A Cornishman’s flying visit to Dublin
8th September 2023
Having recently returned from a flying visit to Dublin with my nieces a brief report for those who may wish to take a trip there to visit our Celtic cousins.
Getting to Dublin we flew by Ryanair from Cornwall Airport at Newquay. After a slight weather-related delay and I’d got over the trepidation of being fleeced by one of Michael O’Leary’s money grabbing small print rules, everything went smoothly. We’d made sure that bag sizes were right for carryon and paid an addon fee so we could carry an extra bag and sit together. Besides having our boarding passes on the Ryanair mobile app, we also printed them off as ‘Plan B’ to ensure there were no issues and additional fees. One piece of advice for travellers from Newquay in particular is to ensure your toiletries are not over 100ml otherwise they’ll be confiscated. I lost my toothpaste which was half used, but tube size was 125ml.
Dublin has changed considerably since my last visit over ten years ago and seen vast infrastructural improvements. Like many cities Dublin has seen a huge influx of people mostly from across Europe and returning Irish nationals with the largest group being from Ukraine. However, this hasn’t changed its friendly welcoming atmosphere, which we enjoyed very much. Great transport link through Dublin Express by coach from Dublin Airport to the city centre, which we used again on our return journey back to the airport. Tickets for the journey can be booked via a mobile app, which is cheaper, and you just show drivers the ticket on your mobile on boarding. These run every 15 minutes and there are stops all around Dublin on a circular route.
During our short visit from Friday early evening through to Sunday afternoon we stayed in the Temple Bar district. We had booked an Airbnb which was quite basic and pricey, but this was peak season and in the centre of Dublin activity, so no transport apart from shank’s pony was needed. There are a number of hotels and hostels within this area to choose from including a Premier Inn.
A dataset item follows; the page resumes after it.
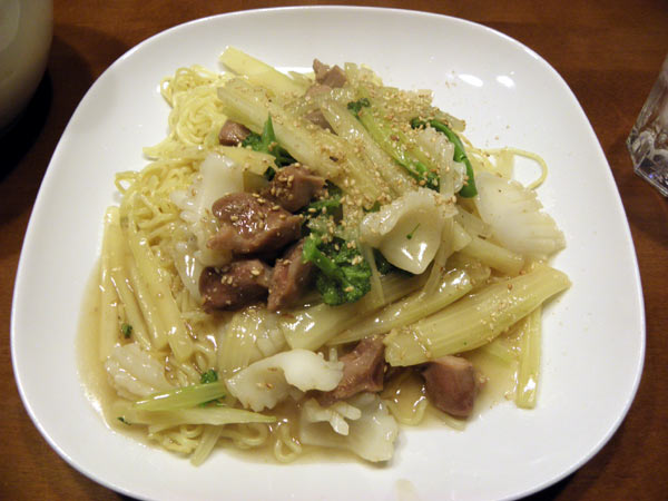 セロリと散歩中にもらったネギ、スナギモとイカのあんかけやきそば。さっぱり目の味付けです。
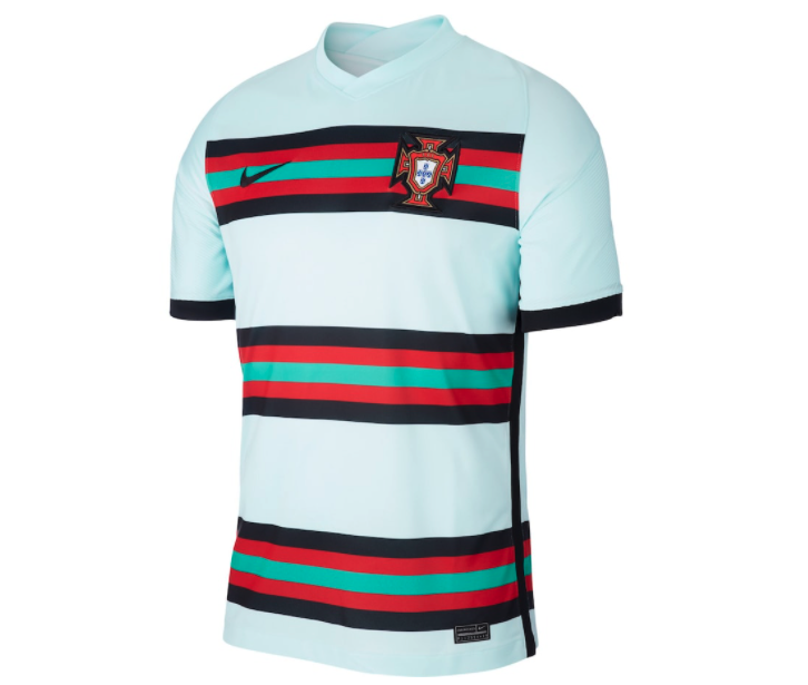 This black, red and dark teal striped away kit really is stunning. It’s a common scheme for the Portuguese to go with but between the pattern and the v-neck, it’s actually quite a unique twist that we’re all probably used to.

Trotting around Temple Bar and district we visited Dublin Castle, Trinity College, National Library of Ireland which has free exhibitions and generally enjoyed the ambiance of Dublin. This including some welcoming hostelries imbibing some Irish ‘refreshments’. We’d enjoyed an Irish stew based on a Kerry recipe on Friday night at Ned O’Shea’s, a pub close to our Airbnb, washed down with a Guiness or two and for the girls Irish cider. Entertained by a good traditional Irish singer.
We enjoyed great service from a young Ukrainian lad at the Brick Alley Café who spoke English very well with a somewhat strange combined eastern European/Irish accent. Nice ambiance to the café as well which we used twice on the two mornings we were there. Sam Clifford an 18-year-old singer in the Wild Duck pub, who gave a shout for Cornwall, was most entertaining with a promising singing/songwriting career. Many of the pubs have entertainment in the evenings and most will include a number of Irish themed songs, including one of my favourites ‘The fields of Athenry’ a folk protest song relating to the Irish famine.
The return journey went very well with good service from Ryanair. I was pulled over for a fuller inspection on a random basis, all okay. However, my luggage was also pulled over, a total coincidence apparently as the new detection equipment detected something strange, possibly chemicals they explained. I tried to tell them it was probably my socks and after sticking a tube in amongst my clothes my bag was given an all clear. I and my nieces found it highly amusing and those carrying out the checks were very professional and friendly.
It was good to hear some Irish being spoken in Dublin, albeit far less than I’ve heard in the past in other parts of Ireland, such as the west coast. Although a good percentage of the population speaks Irish, this is not on a daily basis and the government established a twenty-year strategy in 2010 to increase these numbers. Like Cornwall all the governments of the Celtic nations are now working towards increasing their national Celtic languages, which is encouraging. Gradually Cornwall is establishing greater links with the other Celtic nations, and this can only be good for Cornish culture and heritage.